■ **HOW TO COMPLETE THIS TASK**
Starting at the line that contains "上野さんが補食におすすめする" and stopping at the line that contains "ELSOUL LABO B.V.(本社:オランダ・アムステルダム、代表取締役CEO:川崎文武)と", transcribe every line of the material below exactly; pictures stay out.

-------- INFORMATION PROVIDED

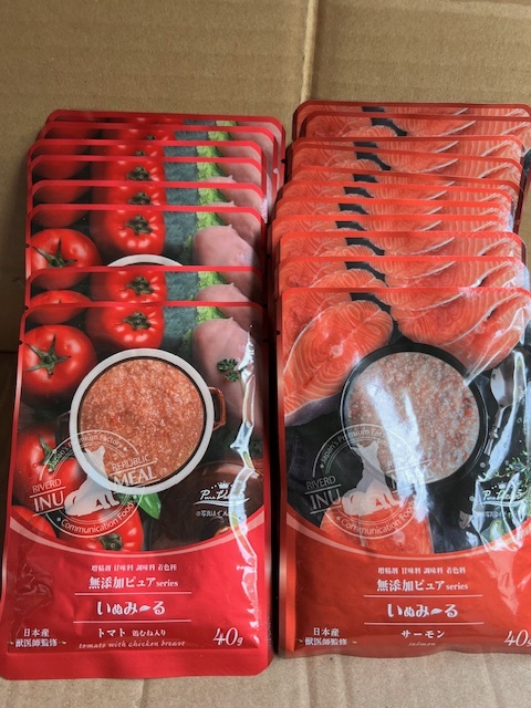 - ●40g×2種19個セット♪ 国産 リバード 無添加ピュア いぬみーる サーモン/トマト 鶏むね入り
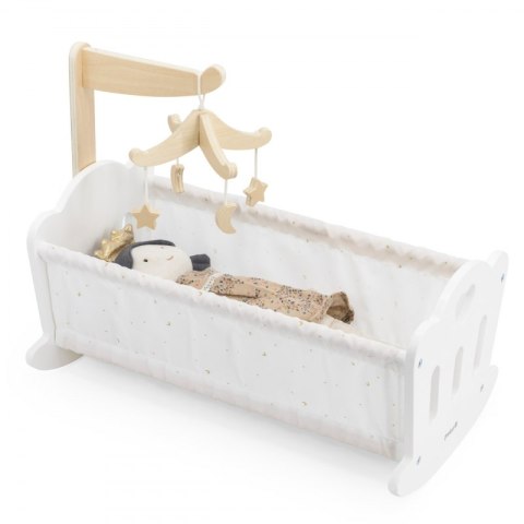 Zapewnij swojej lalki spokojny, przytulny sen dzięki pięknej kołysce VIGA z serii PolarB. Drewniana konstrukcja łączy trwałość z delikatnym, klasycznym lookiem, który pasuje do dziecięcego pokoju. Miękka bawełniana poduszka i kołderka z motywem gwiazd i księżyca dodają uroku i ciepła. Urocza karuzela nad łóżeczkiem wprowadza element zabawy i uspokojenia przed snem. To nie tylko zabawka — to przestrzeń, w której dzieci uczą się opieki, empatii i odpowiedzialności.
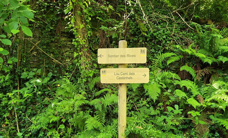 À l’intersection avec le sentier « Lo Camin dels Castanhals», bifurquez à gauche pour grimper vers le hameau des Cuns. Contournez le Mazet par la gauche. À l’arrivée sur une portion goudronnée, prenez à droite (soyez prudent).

----------------
-------- INFORMATION PROVIDED

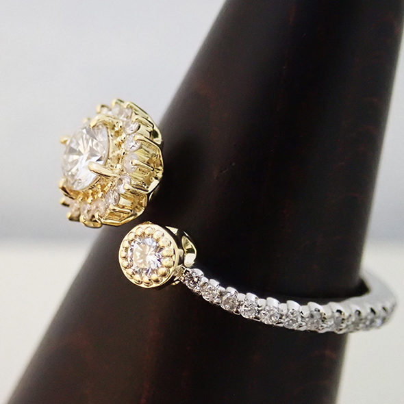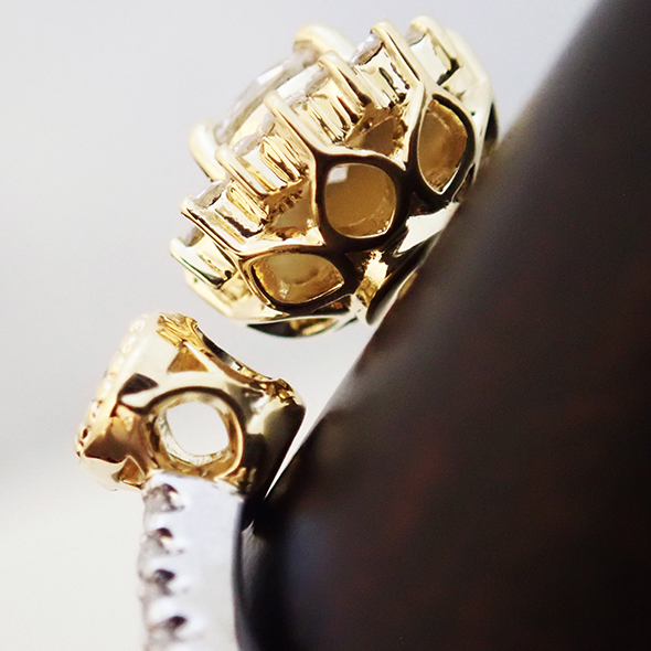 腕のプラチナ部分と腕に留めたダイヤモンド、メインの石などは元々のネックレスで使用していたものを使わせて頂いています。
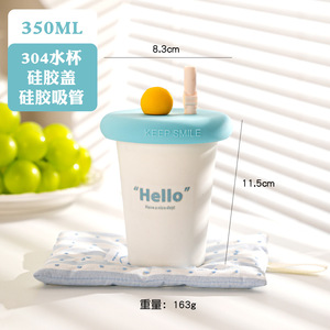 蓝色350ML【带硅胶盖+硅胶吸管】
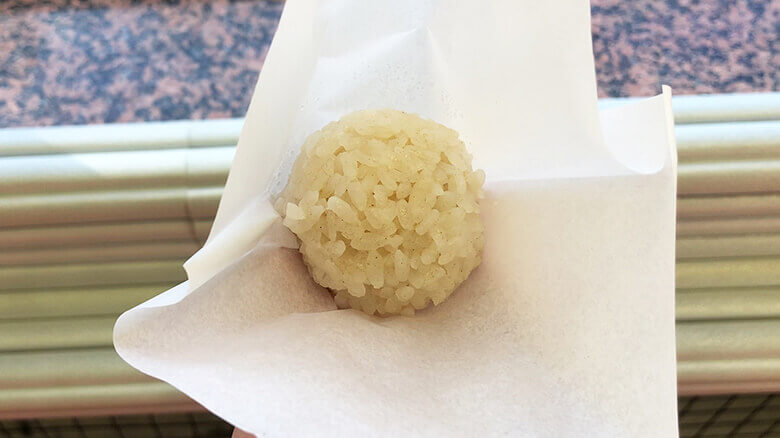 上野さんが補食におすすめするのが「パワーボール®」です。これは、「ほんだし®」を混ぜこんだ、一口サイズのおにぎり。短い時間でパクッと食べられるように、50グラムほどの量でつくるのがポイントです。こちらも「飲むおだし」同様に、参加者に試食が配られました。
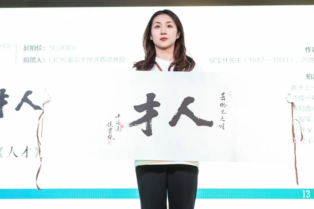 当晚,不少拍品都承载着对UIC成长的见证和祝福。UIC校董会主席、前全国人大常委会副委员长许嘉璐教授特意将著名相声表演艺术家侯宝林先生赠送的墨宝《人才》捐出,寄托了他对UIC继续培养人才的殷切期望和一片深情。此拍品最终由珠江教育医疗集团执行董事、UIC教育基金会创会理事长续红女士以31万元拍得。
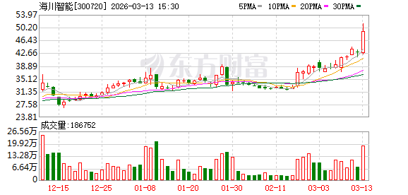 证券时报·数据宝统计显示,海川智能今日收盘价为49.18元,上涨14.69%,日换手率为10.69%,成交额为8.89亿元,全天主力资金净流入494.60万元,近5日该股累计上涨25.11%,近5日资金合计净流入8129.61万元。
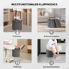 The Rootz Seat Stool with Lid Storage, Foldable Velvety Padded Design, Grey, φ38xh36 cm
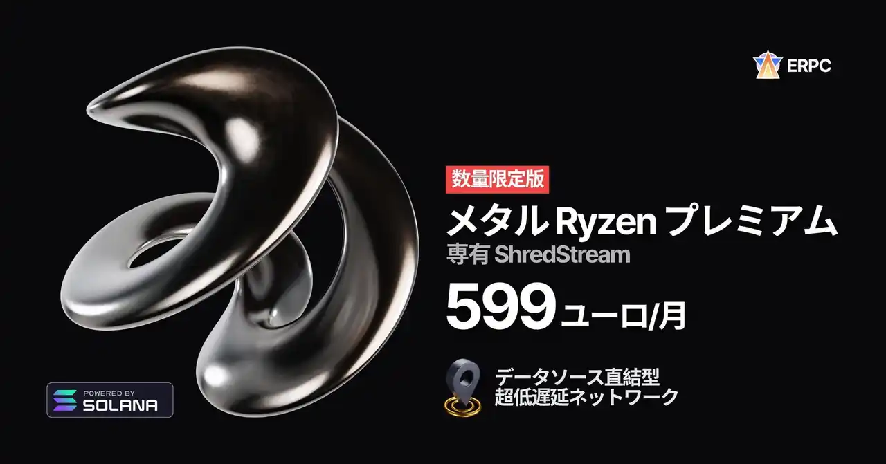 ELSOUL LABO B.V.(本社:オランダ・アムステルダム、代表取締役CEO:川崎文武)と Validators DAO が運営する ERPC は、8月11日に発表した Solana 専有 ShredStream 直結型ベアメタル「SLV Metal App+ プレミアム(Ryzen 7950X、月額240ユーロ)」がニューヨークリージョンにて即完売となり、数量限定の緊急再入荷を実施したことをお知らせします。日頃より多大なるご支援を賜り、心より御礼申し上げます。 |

----------------
-------- INFORMATION PROVIDED

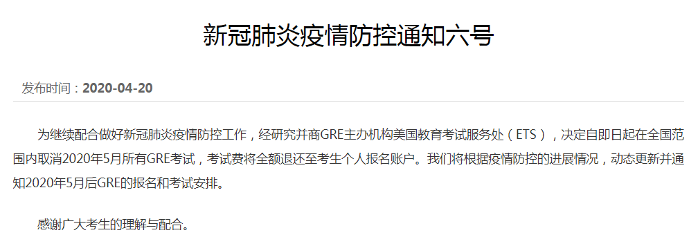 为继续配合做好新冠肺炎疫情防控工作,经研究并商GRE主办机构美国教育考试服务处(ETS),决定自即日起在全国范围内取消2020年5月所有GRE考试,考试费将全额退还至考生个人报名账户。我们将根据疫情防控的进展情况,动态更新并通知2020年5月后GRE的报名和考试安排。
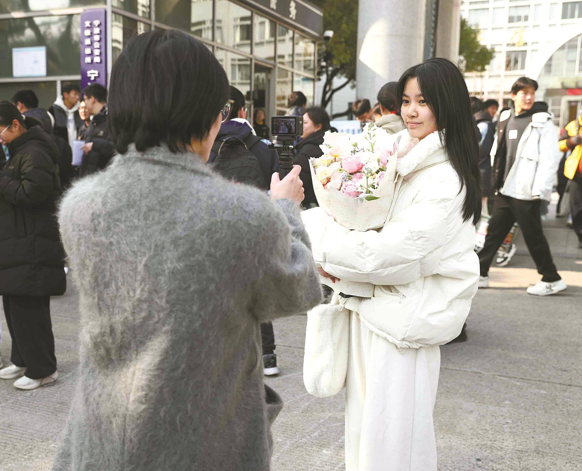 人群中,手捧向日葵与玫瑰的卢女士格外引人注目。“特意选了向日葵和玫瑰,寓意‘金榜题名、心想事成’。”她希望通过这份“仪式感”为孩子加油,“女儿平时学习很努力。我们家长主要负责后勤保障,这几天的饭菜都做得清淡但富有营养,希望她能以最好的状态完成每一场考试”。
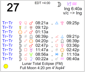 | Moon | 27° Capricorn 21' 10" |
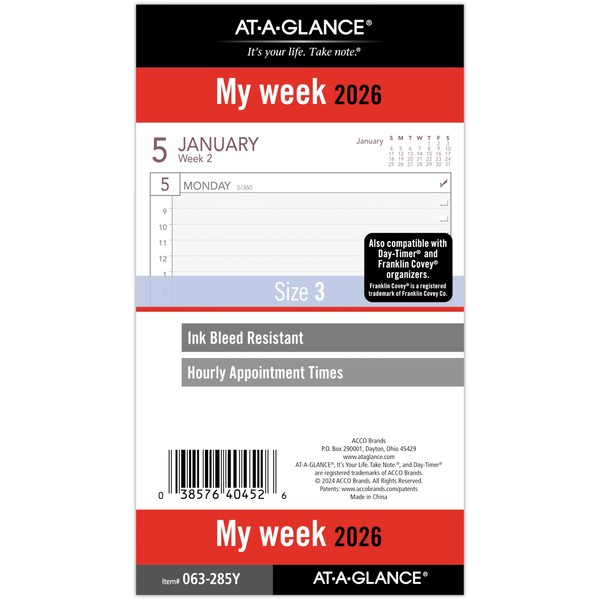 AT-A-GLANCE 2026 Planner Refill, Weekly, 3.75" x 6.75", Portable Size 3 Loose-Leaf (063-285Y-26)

----------------

■ **SOLUTION TO THIS TASK**
 上野さんが補食におすすめするのが「パワーボール®」です。これは、「ほんだし®」を混ぜこんだ、一口サイズのおにぎり。短い時間でパクッと食べられるように、50グラムほどの量でつくるのがポイントです。こちらも「飲むおだし」同様に、参加者に試食が配られました。
 当晚,不少拍品都承载着对UIC成长的见证和祝福。UIC校董会主席、前全国人大常委会副委员长许嘉璐教授特意将著名相声表演艺术家侯宝林先生赠送的墨宝《人才》捐出,寄托了他对UIC继续培养人才的殷切期望和一片深情。此拍品最终由珠江教育医疗集团执行董事、UIC教育基金会创会理事长续红女士以31万元拍得。
 证券时报·数据宝统计显示,海川智能今日收盘价为49.18元,上涨14.69%,日换手率为10.69%,成交额为8.89亿元,全天主力资金净流入494.60万元,近5日该股累计上涨25.11%,近5日资金合计净流入8129.61万元。
 The Rootz Seat Stool with Lid Storage, Foldable Velvety Padded Design, Grey, φ38xh36 cm
 ELSOUL LABO B.V.(本社:オランダ・アムステルダム、代表取締役CEO:川崎文武)と Validators DAO が運営する ERPC は、8月11日に発表した Solana 専有 ShredStream 直結型ベアメタル「SLV Metal App+ プレミアム(Ryzen 7950X、月額240ユーロ)」がニューヨークリージョンにて即完売となり、数量限定の緊急再入荷を実施したことをお知らせします。日頃より多大なるご支援を賜り、心より御礼申し上げます。 |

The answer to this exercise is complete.